## Information shown
━━━
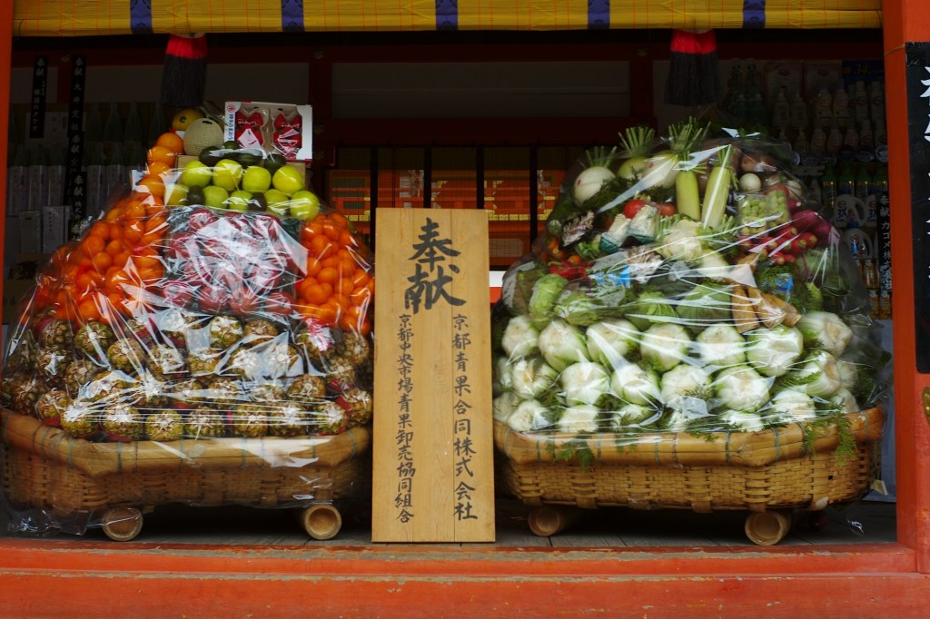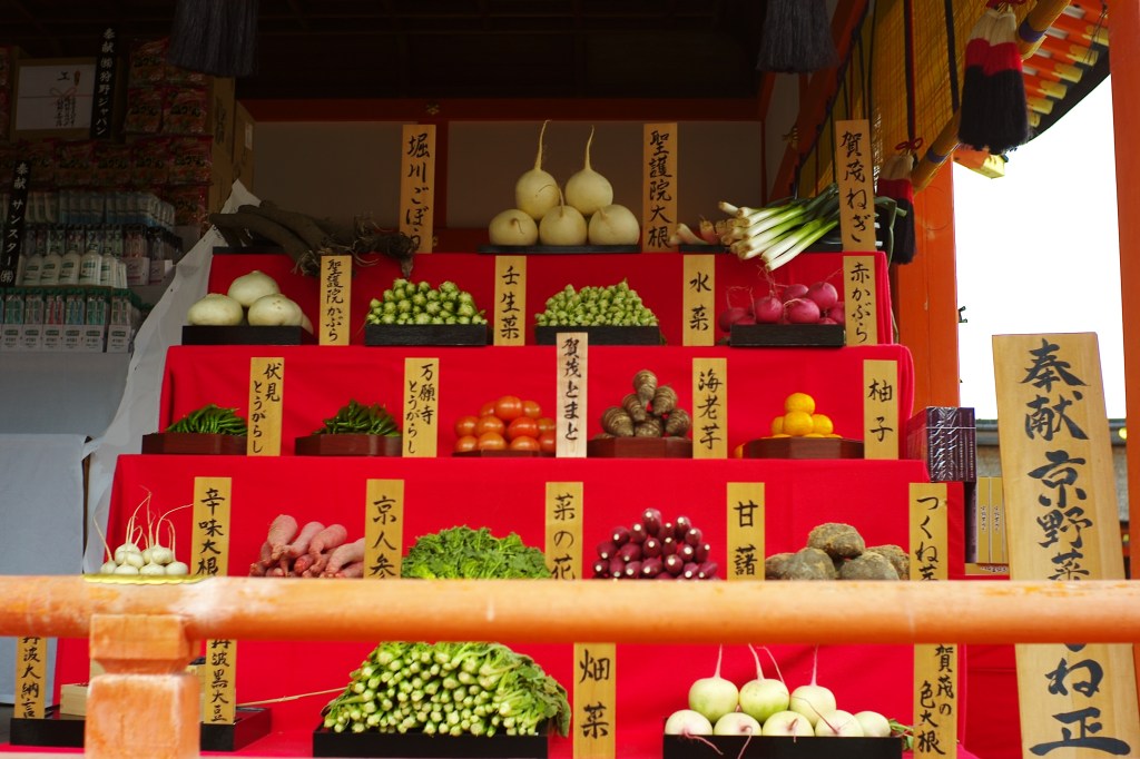 本殿の前に初午大祭に合わせて奉納された農作物、日本酒、醤油など調味料がうずたかく積み上がっており、圧巻だった。
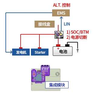 由识别现有发电控制及线路短路的电流传感器、电源切断用锁定继电器,以及进行统一识别和控制的模块组成。
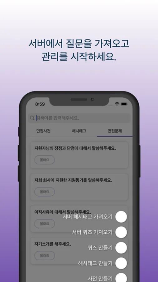 Interview Preps allows you to easily add and manage a variety of interview questions provided by the server, enabling you to efficiently prepare for your interviews.
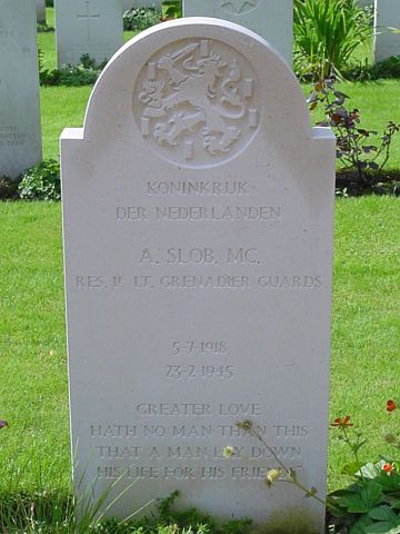 Name: SLOB, ADRIAAN Initials: A Nationality: United Kingdom Rank: Lieutenant Regiment: Grenadier Guards Unit Text: 1st Bn. Date of Death: 23-02-1945 Service No: 306838 Awards: MC Additional information: Son of Mr. and Mrs. A. Slob, of Sneek, Friesland, Holland. Grave/Memorial Reference: 18. A. 4. |
━━━
## Problem details
Each line from the top of the material through the line containing "Interview Preps allows" should be reproduced exactly; please drop any images.

## Response below
 本殿の前に初午大祭に合わせて奉納された農作物、日本酒、醤油など調味料がうずたかく積み上がっており、圧巻だった。
 由识别现有发电控制及线路短路的电流传感器、电源切断用锁定继电器,以及进行统一识别和控制的模块组成。
 Interview Preps allows you to easily add and manage a variety of interview questions provided by the server, enabling you to efficiently prepare for your interviews.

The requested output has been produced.